If you don’t have the space or the resources for more monitors you can use the ingenious.
I have a cheap HDMI switch that allows me to do PinP (Picture in Picture) with one main source on the monitor, and two using a fraction of their original space. It may allow you to see variants in graphics.
And in you have only a single monitor, you can use a chrome extension that rotates tabs, which is also very useful.
Be careful if you use the reload features with software like Jira or Confluence. If they are slow normally, imagine if you mess it by reloading every 30 seconds… I discourage you to use auto refresh on these kind of Softwares.
This past week I have connected the XBOX One X Controller to the Windows laptop for the first time. Normally I use the Pc only for strategy games, but I wanted to play other games like Lost Planet 3, or Fall Guys in a console mode way. I figured that would be very easy and it was.

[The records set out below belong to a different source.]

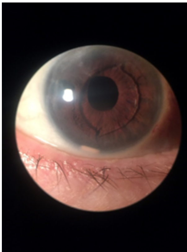
Figura 1. Exame de biomicroscopia mostrando lente intraocular de câmara anterior e fragmento do implante de corticoide inferiormente.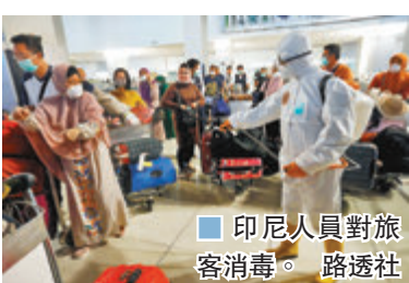
印尼人員對旅客消毒。

印尼政府昨日宣佈，為確保國內口罩供應穩定、以應對新冠肺炎疫情，將暫時禁止口罩出口，直至政府認為供應恢復穩定為止。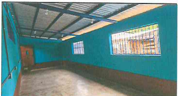
Foto 4: Retiro de lámina existente, mantenimiento de estructura existente (limpieza, lijado y pintura anticorrosiva), reforzamiento de estructura con costanera de 2x4, instalación de lámina troquelada aluzinc cal. 26, reparación eléctrica iluminación y fuerza, levantado de hiladas de block, pintura en balcones existentes y pintura de interior y exterior.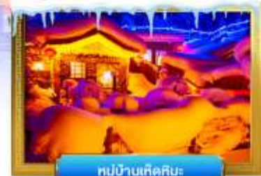
หมู่บ้านเกิดหิมะ

เดินทางโดย : สายการบินโซน่าเซาเทิร์นแอร์ไลน์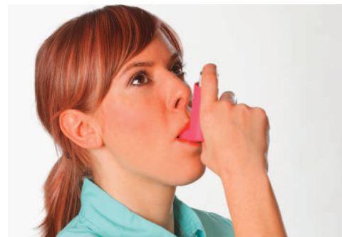
Quellen: Foto Kirchheim-Verlag; Zeichnungen ÄZQ

You turn on the controller, press the connect button like you did to pair with the console, and in Windows indicate pair to a Xbox One controller. That’s it.
I’ve also updated my Python 3 Combat Guide, to add the explanation, step by step, about how to refactor and make resilient, and add Unit Testing to a spaghetti code, and turn it into a modern OOP. Is currently 255 DIN-A4 pages.
This is something I wanted to share with you for a while. One of the most funny things in my career is what I call: Squirrel Strikes Back
I named this as the first incident where a provider told that the reason of a fiber failure was a squirrel chewing the cable.
I popularized this with my friends in Systems Administration and SRE and when they suffer a Squirrel Attack incident, they forward it to me, for great joy.
I’m used to construction or gas, water, electricity, highways repair operations on the cities accidentally cutting fiber cables, thunders or truck accidents on the highway breaking the floor and cutting tubes and issues like that. I’ve been seeing that for around 25 years.
So the first time I saw a provider referring to a squirrel cutting the cables it was pretty hilarious. :)
In my funny mental picture: I could visually imagine a cable thrown in the middle of the forest, over trees, and a squirrel chewing it as it tastes like peanuts. :) or a shark cutting a Google’s or Facebook’s intercontinental cable thrown without any protection. ;)
The sense of humor and the good vibes, are two of the most important things in life.